The Finger Lakes Museum plans to work with the New York State Department of Environmental Conservation and The Nature Conservancy to develop an interpretive boardwalk trail, wildlife observation platform, and pavilion at the site. When added to its present 13-acre campus, the acquisition gives the museum a 29-acre presence in Branchport. The two parcels are on opposite sides of Sugar Creek and NYS Route 54A.
Salisbury and Sujan said in a joint statement, “We are so thrilled that the wetlands will be in the hands of people who share our love of nature and specifically our Finger Lakes world. Our father and grandmother would be delighted with this future for their land. We look forward to walking the trail and boardwalk with our grandchildren.”
The museum’s executive director, Phil Lentini, said, “We are excited by this very generous gift of land from our own friends and neighbors and we look forward to creating educational programs that will enable us to teach and preserve at the same time.”

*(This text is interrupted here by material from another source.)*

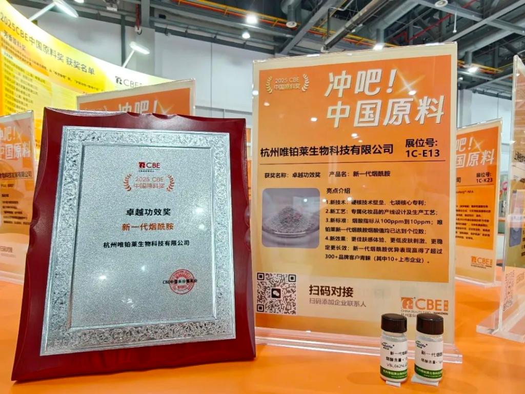 作为CBE展会常年亮点,中国原料获奖展区一直是观众瞩目的焦点。德赢vwin体育本次荣耀上榜,重磅产品新一代烟酰胺及相关专利技术展示将落位1C馆获奖展区,带来行业前沿创新成果分享。

Word of the land transfer follows by one week an announcement that the Finger Lakes Museum is relocating its entire project to its Branchport Campus, the site of the former Branchport Elementary School. It had previously planned to build in Keuka Lake State Park.
Photo provided: Part of the 16-acre Townsend-Grady Wildlife Preserve, which includes more than 1,400 feet of frontage on Sugar Creek, can be seen on the left side in this photo. Keuka Lake lies in the distance.